Pour que la classe ouvrière prenne la tête de la lutte contre l’islamisme, le sionisme et l’impérialisme
Au Liban, en Irak, en Iran, les travailleurs qui tentent d’échapper à la division cléricale ou à la dictature religieuse doivent prendre la tête des mobilisations pour les revendications économiques et démocratiques, s’organiser en comités et préparer l’auto-défense. Face à l’État bourgeois et aux partis cléricaux des classes dominantes (propriétaires terriens, capitalistes…), il faut l’indépendance de classe et un instrument politique, un parti ouvrier révolutionnaire.
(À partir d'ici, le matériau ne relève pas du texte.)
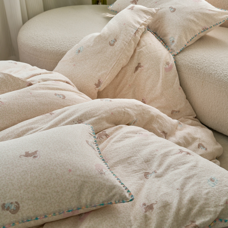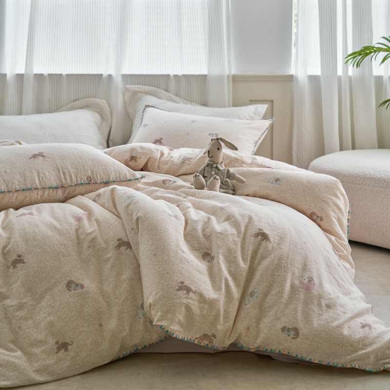 洋铭区(原狠狠爱) 2025新款全棉彩边双层四件套 小懒猫

Face à la menace de guerre de Trump et du camp impérialiste, il est de la responsabilité des partis et syndicats ouvriers de tous les pays, au premier chef des États-Unis et d’Israël, de se prononcer contre la poursuite de la colonisation de la Palestine autorisée par Trump, d’exiger la fin des assassinats par les armée israélienne et américaine, l’arrêt des interventions militaires dans la région, le retrait des navires, avions, satellites et drones militaires, la fermeture de toutes les bases militaires. Une telle campagne politique à travers le monde serait une aide puissante pour la classe ouvrière, la jeunesse et les paysans pauvres de la région. En affrontant leurs gouvernements, les travailleurs des grandes puissances seront le soutien le plus efficace pour chasser les capitalistes du pouvoir, pour des gouvernements ouvriers et paysans (de Beyrouth à Téhéran, de Jérusalem à Bagdad, d’Aden à Kaboul), pour la fédération socialiste du Proche Orient.